しかしクリスは「なんだそんなことか」と言わんばかりにあっけらかんと言った。
「勝手に誤解させておけばいい。俺もその方が色々と都合がいいんだ。変な女が寄ってこなくて済むしな」
「それは、そうかもしれませんが……」
(ご令嬢たちからの視線が怖いのよ……!)
ロイド侯爵家夫人の座を狙う令嬢は多い。クリスとの仲を誤解されれば、そんな彼女たちからやっかみを受けることは目に見えていた。
なんとかしてクリスの考えを改めさせようと口を開いた時、彼は思いがけないことを言ってきた。
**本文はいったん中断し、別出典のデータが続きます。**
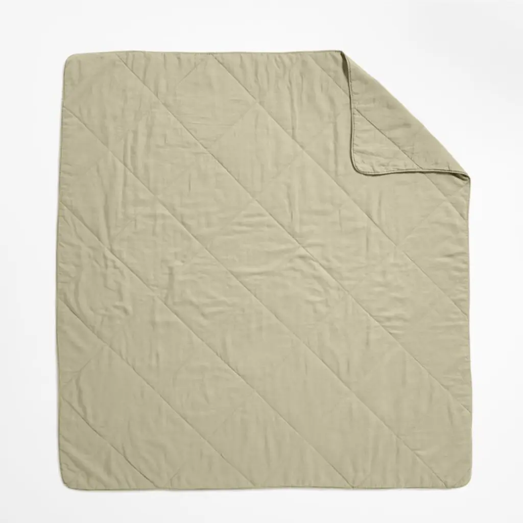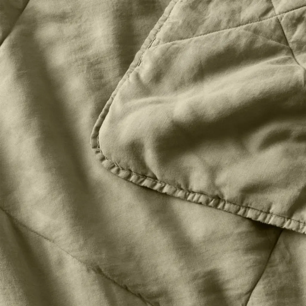 Quilted on the diagonal with oversized diamonds, these shams and quilts make the bed with a beautifully slouchy feel. Sustainable linen in khaki green weaves the laid-back bedding, an updated take on intricate quilting. We love the shams paired with the matching quilt or mixed with our other exclusive garden green bedding for a relaxed, layered look.

「だからお前も、もし元婚約者にやり直そうと言われたら、俺をいいように使え。新しい婚約者ができたから断ると」
「え?」
ジュダスはキャシーと結婚する。それなのにやり直そうなんて言われるはずないではないか。
そう反論しようとしたが、「早く帰るぞ」とクリスに優しく手を引かれ、結局そのまま彼と共に馬車で帰ることになったのだった。